* **About this exercise**:
Working from the start of the listing, please write out exactly the lines through the one that holds "Erster Spatenstich für", both included, and omit all pictures.

* **Data extract**:

------------------------------------------------------------------------

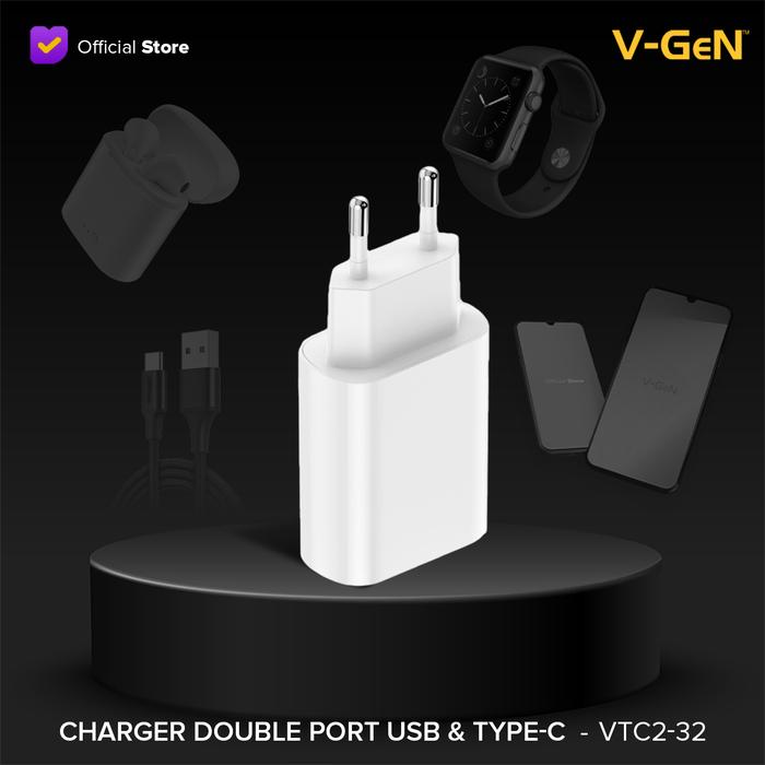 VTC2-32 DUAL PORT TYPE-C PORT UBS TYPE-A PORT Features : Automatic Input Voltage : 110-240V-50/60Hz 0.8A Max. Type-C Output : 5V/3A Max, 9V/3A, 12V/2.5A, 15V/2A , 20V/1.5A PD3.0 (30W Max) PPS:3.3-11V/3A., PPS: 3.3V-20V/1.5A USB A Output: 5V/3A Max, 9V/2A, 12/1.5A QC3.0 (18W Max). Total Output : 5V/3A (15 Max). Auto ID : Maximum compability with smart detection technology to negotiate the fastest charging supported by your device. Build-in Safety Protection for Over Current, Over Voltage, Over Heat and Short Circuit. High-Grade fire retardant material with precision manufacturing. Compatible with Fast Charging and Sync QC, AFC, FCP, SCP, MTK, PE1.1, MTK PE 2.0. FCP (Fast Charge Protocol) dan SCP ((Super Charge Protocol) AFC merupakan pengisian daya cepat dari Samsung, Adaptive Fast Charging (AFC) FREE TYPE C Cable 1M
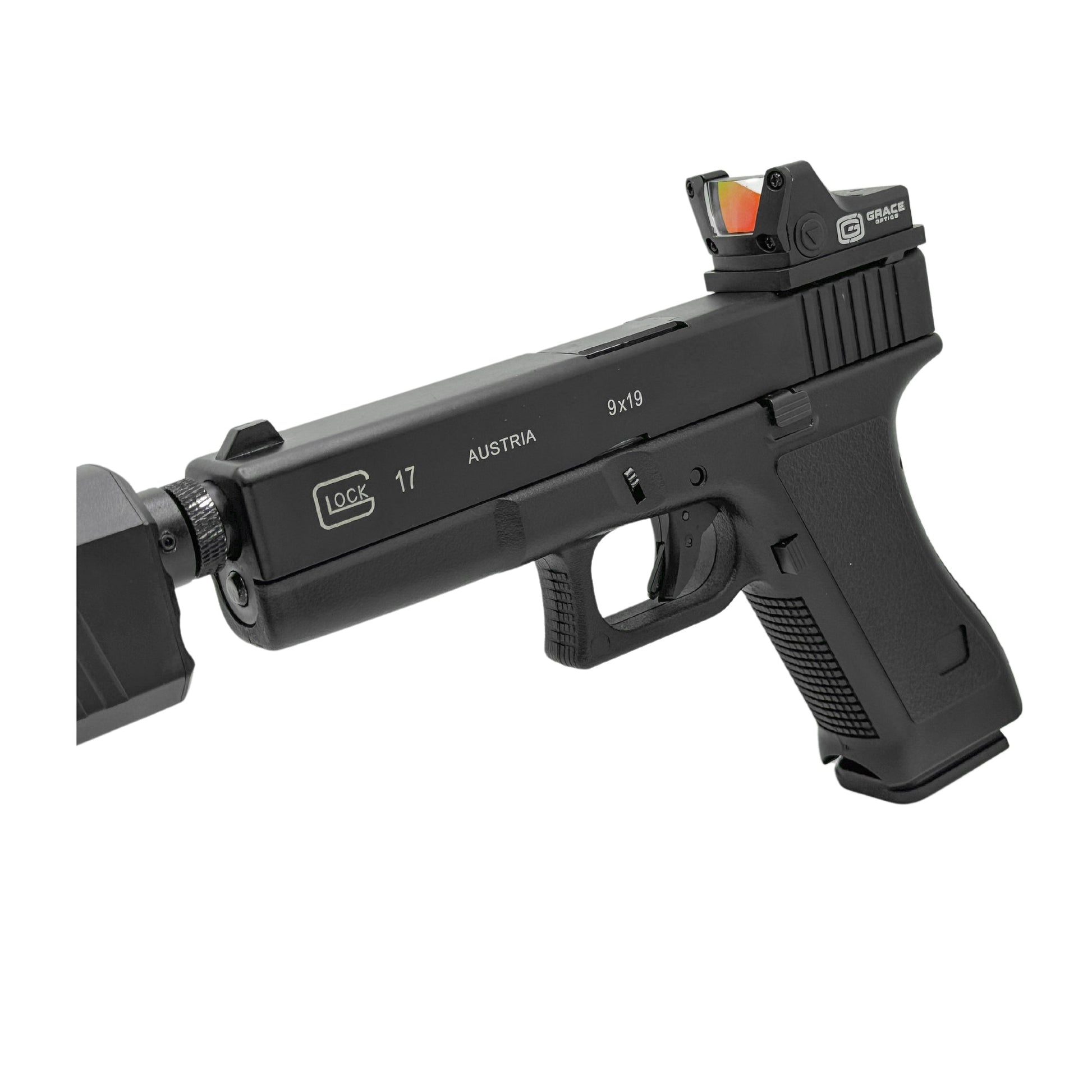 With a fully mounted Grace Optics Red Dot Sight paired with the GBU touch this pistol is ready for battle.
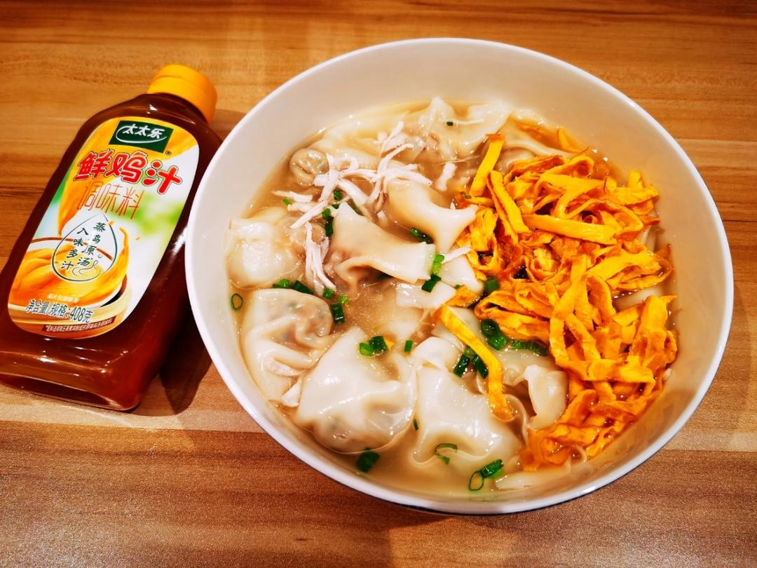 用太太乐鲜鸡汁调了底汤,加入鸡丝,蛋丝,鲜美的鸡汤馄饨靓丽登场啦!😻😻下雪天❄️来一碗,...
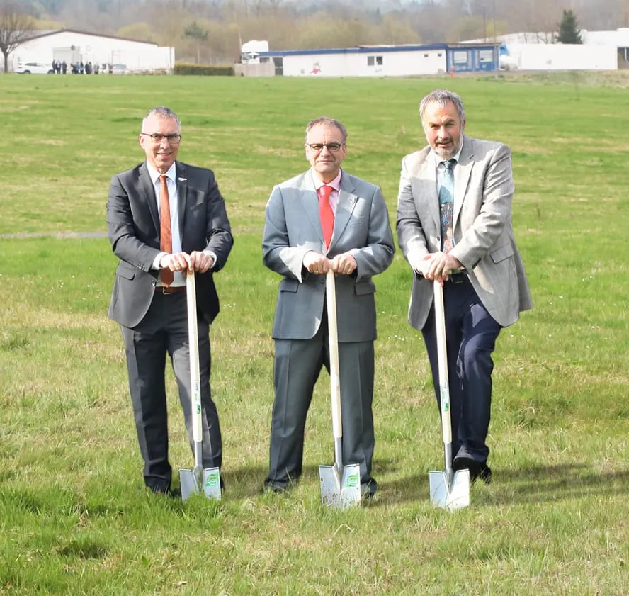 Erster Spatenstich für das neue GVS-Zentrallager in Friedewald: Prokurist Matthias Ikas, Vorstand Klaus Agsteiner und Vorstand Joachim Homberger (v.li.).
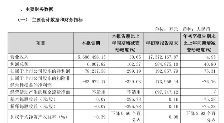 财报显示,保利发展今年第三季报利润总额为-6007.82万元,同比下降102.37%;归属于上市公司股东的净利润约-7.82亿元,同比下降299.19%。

------------------------------------------------------------------------

* **Written response**:
 VTC2-32 DUAL PORT TYPE-C PORT UBS TYPE-A PORT Features : Automatic Input Voltage : 110-240V-50/60Hz 0.8A Max. Type-C Output : 5V/3A Max, 9V/3A, 12V/2.5A, 15V/2A , 20V/1.5A PD3.0 (30W Max) PPS:3.3-11V/3A., PPS: 3.3V-20V/1.5A USB A Output: 5V/3A Max, 9V/2A, 12/1.5A QC3.0 (18W Max). Total Output : 5V/3A (15 Max). Auto ID : Maximum compability with smart detection technology to negotiate the fastest charging supported by your device. Build-in Safety Protection for Over Current, Over Voltage, Over Heat and Short Circuit. High-Grade fire retardant material with precision manufacturing. Compatible with Fast Charging and Sync QC, AFC, FCP, SCP, MTK, PE1.1, MTK PE 2.0. FCP (Fast Charge Protocol) dan SCP ((Super Charge Protocol) AFC merupakan pengisian daya cepat dari Samsung, Adaptive Fast Charging (AFC) FREE TYPE C Cable 1M
 With a fully mounted Grace Optics Red Dot Sight paired with the GBU touch this pistol is ready for battle.
 用太太乐鲜鸡汁调了底汤,加入鸡丝,蛋丝,鲜美的鸡汤馄饨靓丽登场啦!😻😻下雪天❄️来一碗,...
 Erster Spatenstich für das neue GVS-Zentrallager in Friedewald: Prokurist Matthias Ikas, Vorstand Klaus Agsteiner und Vorstand Joachim Homberger (v.li.).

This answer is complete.